HPLC‐Chip/TOF‐MS analysis of selectivity for specific glycan structures consumed by B. infantis ATCC 15697. Shown are nanoLC extracted ion chromatograms (XIC) of selected milk glycans recovered (A) after incubation with B. infantis ATCC 15697 and (B) before incubation (control). The complete disappearance (A) of all glycan peaks for specific oligosaccharide (m/z: 732, 878 and 1243) indicates that B. infantis consumes specific HMOs but does not discriminate for any specific isomers within each group of HMO consumed.

Noticeable differences in both consumption glycoprofiles and all kinetic parameters were observed for B. infantis strains JCM 11347 and JCM 1260 which only partially consumed HMOs with DP ≤ 7. Additionally, strain JCM 11347 did not utilize fucosylated HMOs with an m/z of 878 and 1389. These HMOs differ by the addition of fucosylated Lacto‐N‐Biose units as described in LoCascio and colleagues (2007). For oligosaccharides with a DP ≥ 7 no consumption differences were observed among all the B. infantis strains. Comparatively, while JCM 7009 utilized 75% of the total HMO consumed from oligosaccharides with a DP ≤ 7, JCM 11347 only achieved 25% consumption from the same HMOs. Strains JCM 1260 and JCM 11347 achieved mediocre growth on HMOs with an OD 0.65 and 0.48, respectively, corresponding approximately to half of the typical OD of B. infantis strains optimally growing on HMOs (Table 1). The growth kinetic parameters of these two B. infantis strains closely resemble that from non‐B. infantis strains which also poorly metabolized HMOs. Although most B. infantis strains achieved excellent growth on HMOs, strains JCM 1260 and JCM 11347 were an exception, which was reflected in their suboptimal growth kinetics. A key factor determining their lack of growth could be their inability to efficiently consume HMOs with an m/z of 732 and 878, representing 41.9% and 25.9% of the total HMOs measured in our assay (Table S1). Due to the large abundance of these two oligosaccharides in the pooled milk sample, the strains' inability to consume them would greatly undermine their growth.

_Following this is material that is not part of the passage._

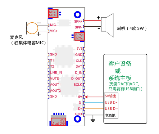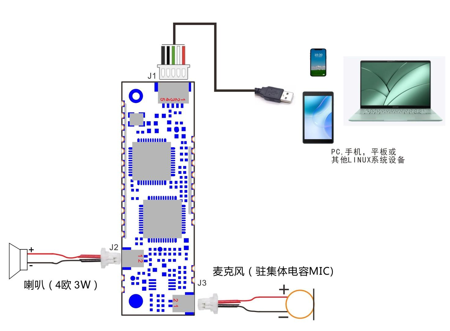 - 模式一(单模拟麦 + USB 端子):通过 J1(USB)、J2(喇叭)、J3(模拟麦)端子连接,免驱接入电脑 / 平板,5 分钟完成调试,适合智能门禁、家用监控等成品设备升级。
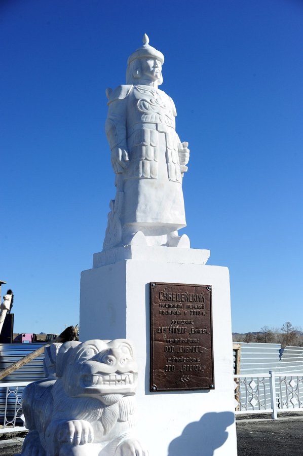 Еще новый мост интересен тем, что у него, единственного в республике, будет имя собственное: Субедейский, в честь знаменитого полководца. На площадке рядом со въездом на мост установили изваяние самого Субедея работы скульптора Сергея Ойдупа.

Glycan‐specific growth of non‐B. infantis strains

For the two Bifidobacterium bifidum strains tested, JCM 1254 and JCM 1255, although similar glycoprofiles patterns and HMO consumption rates were observed (Fig. 2), these strains differ in their overall growth kinetics (Table 1). While JCM 1254 consumed only 16.26% of the total HMOs, this strain grew moderately on this substrate and achieved an OD of 0.9. It is likely that JCM 1254 is able to grow on sialylated HMOs or on less abundant, yet numerically significant, neutral and acidic HMOs which are not being monitored in our assay.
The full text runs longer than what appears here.